When 1page data is read for decoding, the 16-bit parallel operation is used, and half of decoding time is saved compared with the 8-bit parallel operation.
In addition, for NAND FLASH with 8KB 1page, under the optimal condition, when the branch pipeline structure of the present invention is used and 1page data has no error, at least 200 clock cycles are saved compared with the common two-stage pipeline; when the spare area of NAND FLASH is not fully full and the sector is error free, the tx stage pipeline will save more clock cycles than the ibm _ chien _ tx stage pipeline. In the worst case, even if each sector in 1page data is erroneous, the same decoding speed as that of the general pipeline structure can be maintained. The combination of 16-bit parallel operation and a branch pipeline structure can greatly shorten the ECC decoding time and improve the decoding efficiency.

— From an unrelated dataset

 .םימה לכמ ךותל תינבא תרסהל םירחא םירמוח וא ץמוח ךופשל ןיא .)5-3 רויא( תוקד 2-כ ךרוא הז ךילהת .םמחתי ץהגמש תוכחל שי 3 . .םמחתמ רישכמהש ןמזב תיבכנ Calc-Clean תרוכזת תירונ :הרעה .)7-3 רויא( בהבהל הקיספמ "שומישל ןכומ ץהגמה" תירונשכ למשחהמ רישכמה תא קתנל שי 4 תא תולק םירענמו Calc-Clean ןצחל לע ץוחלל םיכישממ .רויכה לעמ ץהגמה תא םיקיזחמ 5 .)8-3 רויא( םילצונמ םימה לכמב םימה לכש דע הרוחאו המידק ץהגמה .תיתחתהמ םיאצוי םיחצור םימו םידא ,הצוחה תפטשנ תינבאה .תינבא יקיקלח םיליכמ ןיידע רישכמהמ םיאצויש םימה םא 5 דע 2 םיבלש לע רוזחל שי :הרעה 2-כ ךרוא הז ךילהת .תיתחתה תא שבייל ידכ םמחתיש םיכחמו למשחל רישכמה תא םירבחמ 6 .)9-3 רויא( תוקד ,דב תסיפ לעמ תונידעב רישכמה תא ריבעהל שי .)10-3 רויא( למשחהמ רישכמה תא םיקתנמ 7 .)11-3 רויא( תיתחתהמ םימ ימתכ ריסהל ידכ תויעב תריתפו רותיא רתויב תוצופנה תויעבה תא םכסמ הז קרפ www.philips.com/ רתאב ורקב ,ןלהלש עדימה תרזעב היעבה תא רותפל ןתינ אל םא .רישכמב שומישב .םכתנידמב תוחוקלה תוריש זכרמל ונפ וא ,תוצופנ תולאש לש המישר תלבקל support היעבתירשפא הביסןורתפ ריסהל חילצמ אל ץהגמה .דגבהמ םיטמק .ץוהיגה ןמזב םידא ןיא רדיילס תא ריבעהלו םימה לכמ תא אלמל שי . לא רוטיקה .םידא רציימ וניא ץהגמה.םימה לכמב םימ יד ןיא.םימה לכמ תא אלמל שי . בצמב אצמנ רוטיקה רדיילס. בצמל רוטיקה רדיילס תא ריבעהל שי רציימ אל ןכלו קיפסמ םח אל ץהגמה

The implementation example is that for NAND FLASH, the 1-page capacity is 8192+448Byte, where the spare area stores valid data of 96Byte, and BCH (4200, 4096, 8) code is used to perform 16-bit parallel branch pipeline structure decoding, in the worst case, i.e. the normal two-stage pipeline structure, the decoding simulation waveform is as shown in fig. 6, and in the best case, the 1-page data decoding simulation waveform is as shown in fig. 7.

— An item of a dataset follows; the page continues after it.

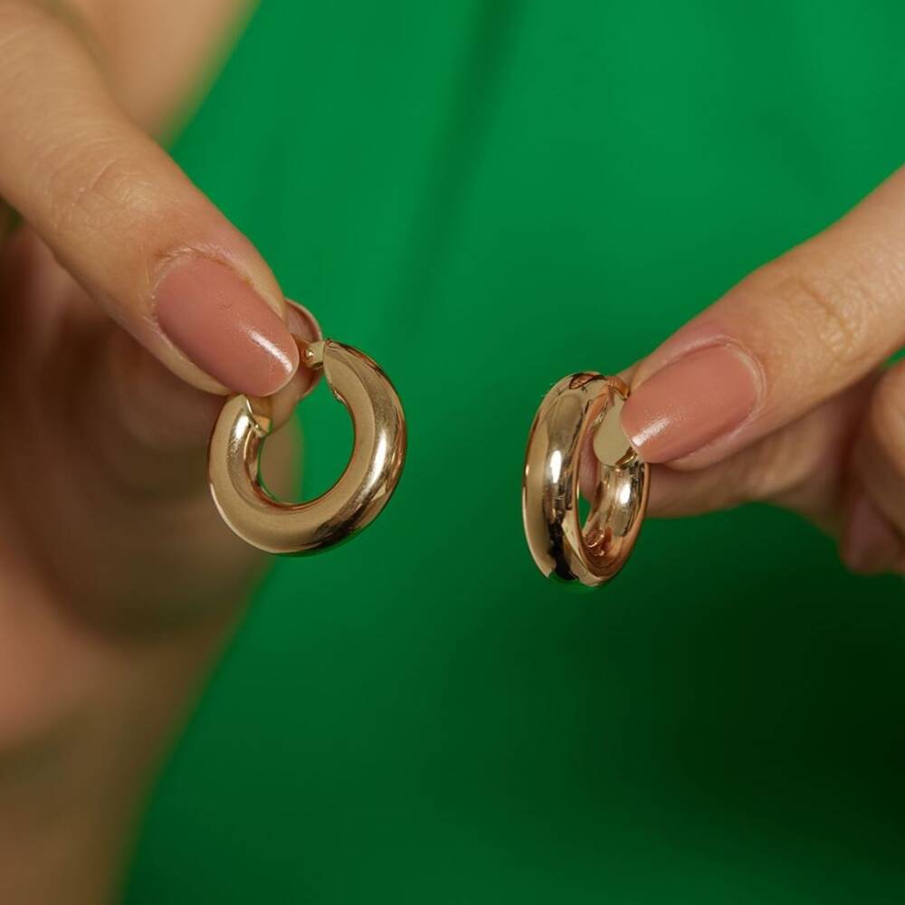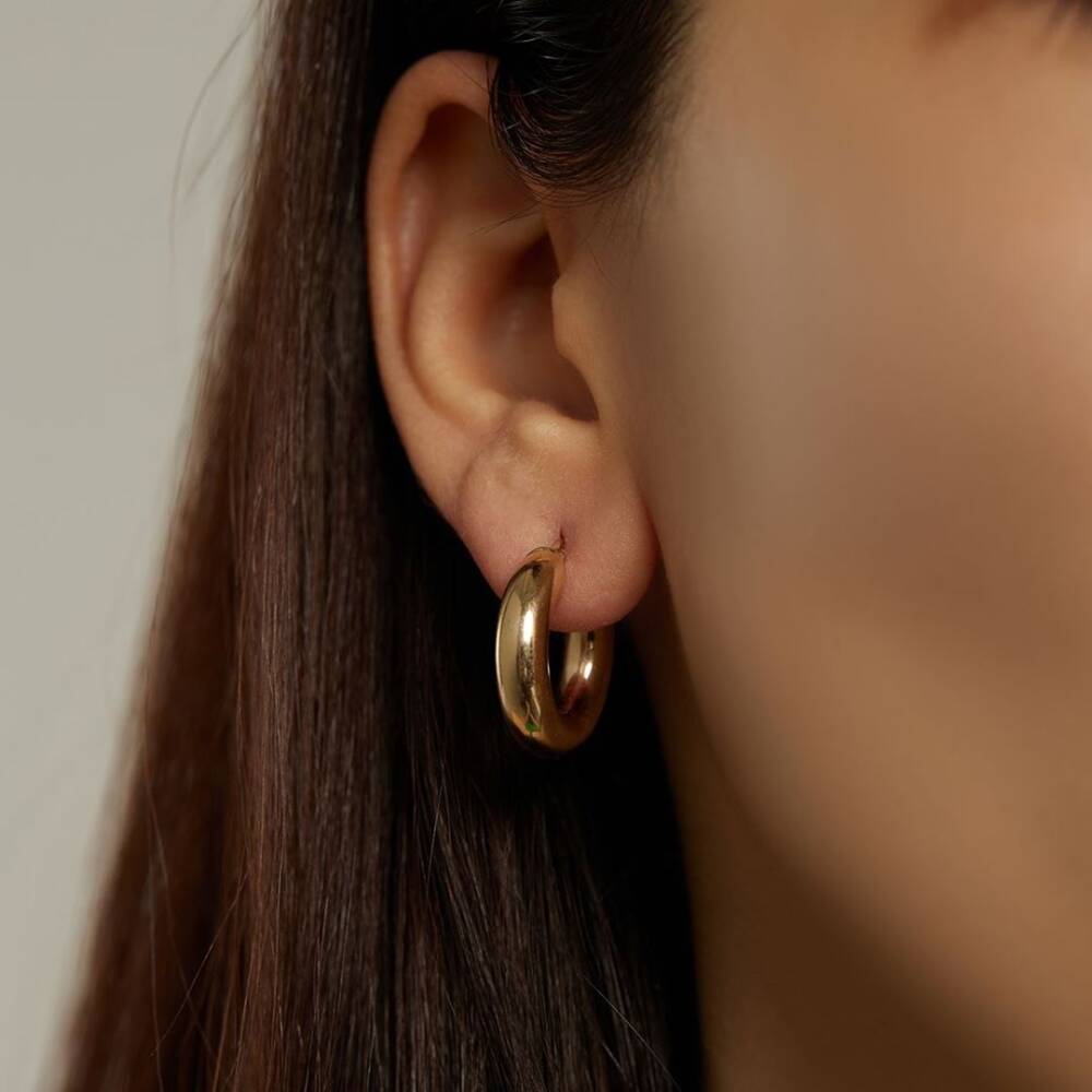 Minimal Bombeli Kalın Halka Altın Küpe - 1

The branch pipeline structure ECC decoding system designed by the invention can meet the special situation of the satellite-borne switching system, and is also suitable for the design of daily or commercial NANDFLASH controllers of SLC type and MLC type and similar memory controllers.
The above description is only for the purpose of illustrating the present invention and the appended claims are not to be construed as limiting the scope of the invention, which is intended to cover all modifications, equivalents and improvements that are within the spirit and scope of the invention as defined by the appended claims.